Quantum Wave Function: Infinite Sheet of Charge & Pinhole

[GRDixon]

Imagine an infinite, positive, uniform sheet of charge with a pinhole in it. A negative particle oscillates back and forth through the pinhole and in the +-x direction. The magnitude of the force on it is constant in time (although the force reverses direction when the particle passes through the pinhole). Can anyone tell me what the formula for Psi(x) would be? Thanks. PS, I'm 72 years old, and this is not a homework problem. I just haven't found this particular potential in any of my limited supply of quantum mechanics texts.

 

[eaglelake]

Imagine an infinite, positive, uniform sheet of charge with a pinhole in it. A negative particle oscillates back and forth through the pinhole and in the +-x direction. The magnitude of the force on it is constant in time (although the force reverses direction when the particle passes through the pinhole). Can anyone tell me what the formula for Psi(x) would be? Thanks. PS, I'm 72 years old, and this is not a homework problem. I just haven't found this particular potential in any of my limited supply of quantum mechanics texts.

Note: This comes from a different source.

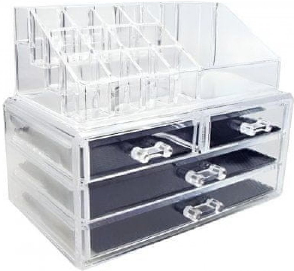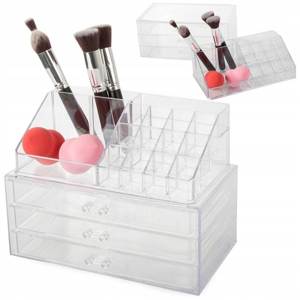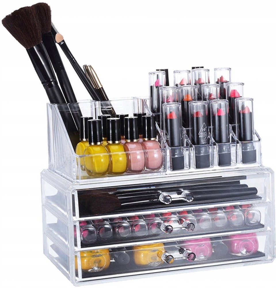 Organizer na kosmetyki i biżuterię to praktyczny i niezastąpiony gadżet w każdej sypialni lub w łazience. Wykonany został bardzo estetycznie, z przezroczystego akrylu z gładko wykończonymi krawędziami. Pasuje do wszystkich typów wnętrz, prezentując się elegancko i stylowo.Dwu częściowy organizer pomoże utrzymać porządek w kosmetykach i biżuterii. Górna część posiada 16 różnych przegródek, które pomieszczą np. szminki, lakiery, błyszczki itp. Dolna część posiada 3 szufladki na biżuterię z miękkim wykończeniem.Szufladki wysuwają się gładko oraz posiadają estetyczne uchwyty. Wewnątrz szufladek znajduje się, wyciągane, miękkie wykończenie. Szufladki natomiast można całkowicie wyjąć.Specyfikacja techniczna:

I assume you want to find the energy eigenfunctions in the position representation, which means we must solve the energy eigenequation, aka Schrodinger's time independent equation - \frac{{\hbar ^2 }}{{2m}}\frac{{d^2 \psi (x)}}{{dx^2 }} + V(x)\psi (x) = E\psi (x). From Gauss Law, we know that the electric field outside of an infinite charged sheet is constant, so that V(x) = ax. This problem then is equivalent to a particle in a "vee" shaped potential well. This solution to Schrodinger's equation is in terms of Airy functions. The two constants of intergration are then obtained by matching \psi (x) with the two decaying exponentials outside the well. Very tedious, unless you use a computer.
Best wishes

 

[GRDixon]

I assume you want to find the energy eigenfunctions in the position representation, which means we must solve the energy eigenequation, aka Schrodinger's time independent equation - \frac{{\hbar ^2 }}{{2m}}\frac{{d^2 \psi (x)}}{{dx^2 }} + V(x)\psi (x) = E\psi (x). From Gauss Law, we know that the electric field outside of an infinite charged sheet is constant, so that V(x) = ax. This problem then is equivalent to a particle in a "vee" shaped potential well. This solution to Schrodinger's equation is in terms of Airy functions. The two constants of intergration are then obtained by matching \psi (x) with the two decaying exponentials outside the well. Very tedious, unless you use a computer.
Best wishes

Many Thanks. GRD